### YOUR INSTRUCTIONS
All of the data should be reproduced word for word, though its pictures must be omitted.

### SUPPLIED MATERIAL
=======

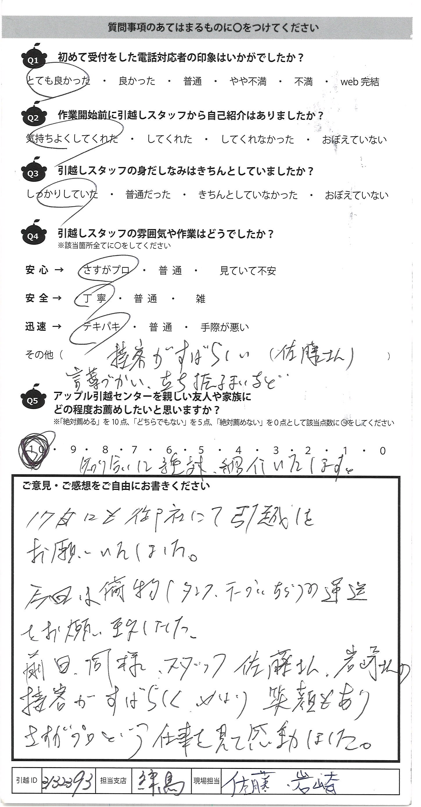 A.知り合いに絶対、紹介いたします。 17日にも御社にて引越しを お願いいたしました。 今回は荷物(タンステーブル )の運送 をお願い致しました。 前回、同様、スタッフ佐藤さn、岩崎さんの 接客がすばらしく、やはり笑顔もあり さすがプロという仕事を見て感動しました。
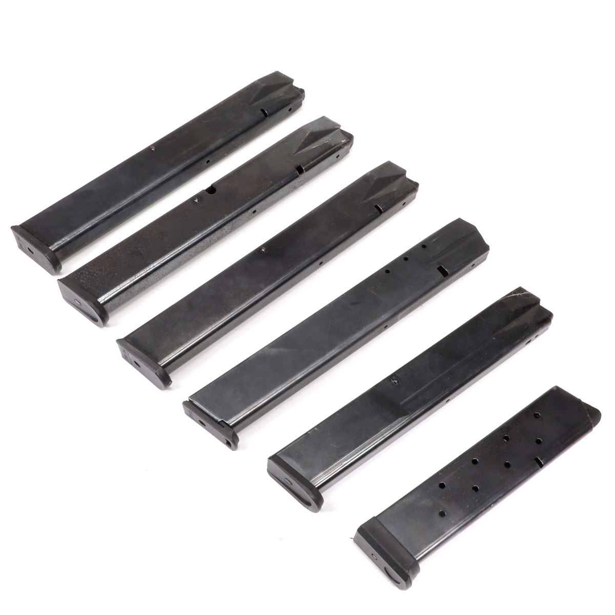 LOT OF 6 EXTENDED CAPACITY PROMAG PISTOL MAGAZINES. Unidentified models. All are in good working order.
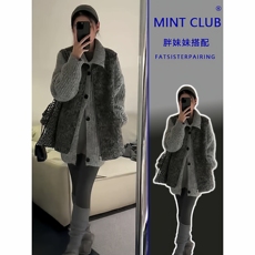 大码女装胖MM法式千金风毛呢外套+半身裙2025冬季气质显瘦套装

=======

### ANSWER FOR THIS EXERCISE
 A.知り合いに絶対、紹介いたします。 17日にも御社にて引越しを お願いいたしました。 今回は荷物(タンステーブル )の運送 をお願い致しました。 前回、同様、スタッフ佐藤さn、岩崎さんの 接客がすばらしく、やはり笑顔もあり さすがプロという仕事を見て感動しました。
 LOT OF 6 EXTENDED CAPACITY PROMAG PISTOL MAGAZINES. Unidentified models. All are in good working order.
 大码女装胖MM法式千金风毛呢外套+半身裙2025冬季气质显瘦套装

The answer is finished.